Мама закусила губу.
— А я могу к нему поехать?
— Конечно.
— А когда?
— Как только он устроится…
Мы помолчали. Смех Кьяры утих во мне. Но и слёзы тоже…
Плохо без папы. Горько за него. Страшно, как он там? И жутко — на сколько он там?
— Точно ничего нельзя сделать? — спросила я.
— С обвинением — нет.
— А просто?
— Ну вот — поедем же.
Мама оглянулась.
— Вещи ему отвезём. Еды. Там же ничего нет. Порядки узнаем.
— Я — хоть сейчас, — кивнула я.
Мама, конечно, плакала ещё вечером. Такие вещи непросто принять. Да ещё и маме. Которая всегда могла что-то сделать с окружающим миром, как-то его изменить. А тут — такое бессилие. Она плакала по ночам ещё неделю. Иногда я подходила к ней, гладила по плечу, укрытому одеялом без пододеяльника. Иногда оставляла её в покое.
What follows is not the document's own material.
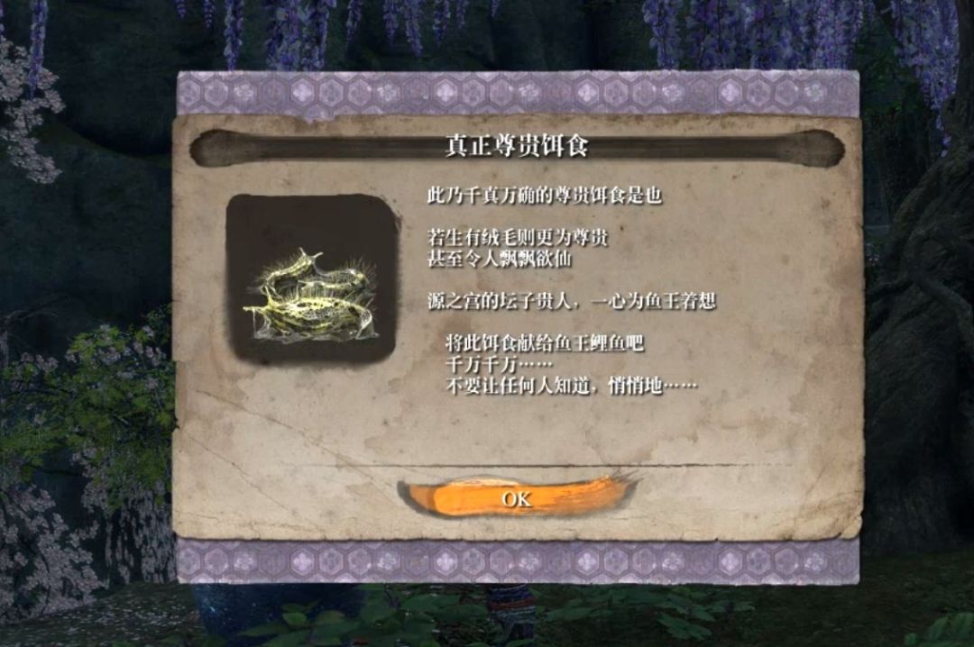 穿过山洞,会遇到第二个坛子贵人和鬼佛。点燃鬼佛,在坛子贵人处花费12个鳞片以上(2次源之琉璃),反复交谈可以获得真正尊贵饵食。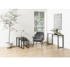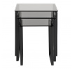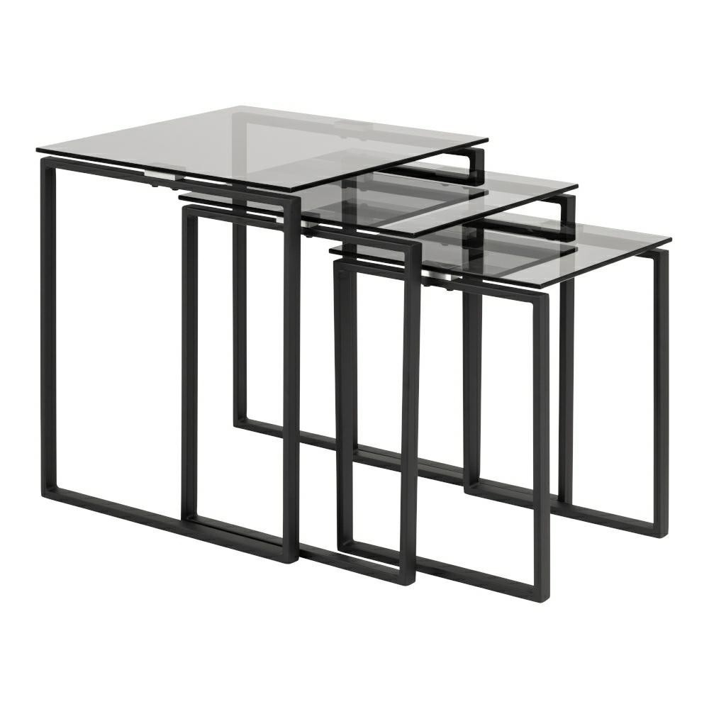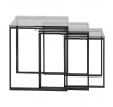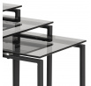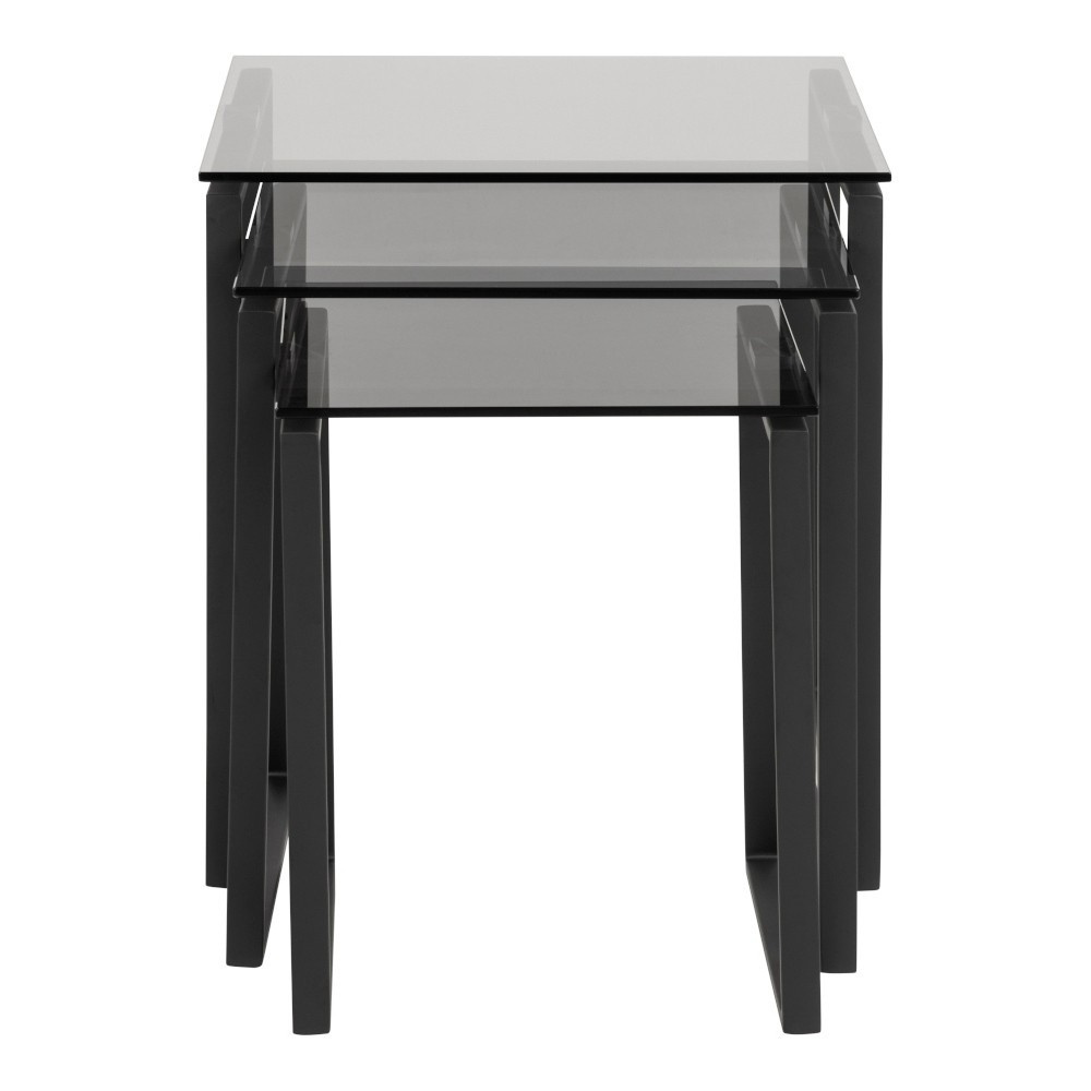 Moderná sada stolíkov Katrine sa skladá z troch stolíkov rôznych veľkostí. Nadčasové spojenie kovu so sklom vytvára zaujímavú kompozíciu. Sklenené štvorcové dosky stolíkov s hrúbkou 8 mm sú vyrobené z dymového skla. Kovová základňa stolíkov bola natretá práškovou farbou na čierno. Rozmery stolíkov (cm): 50x50x55; 43x43x50; 36x36x45 Hmotnosť: 17,3 kg. Rozmery kartónu: 13,3cm x 57,2cm x 53cm

А потом папа нашёл возможность позвонить и сказать, что у него всё хорошо. У нас появился папин номер. Это была маленькая, но связь. Мама почти перестала плакать и наконец запихнула одеяло в пододеяльник. Правда, не погладила его перед этим. Но так она поступала и при папе.
Все наши разговоры теперь стали касаться только поездки к нему.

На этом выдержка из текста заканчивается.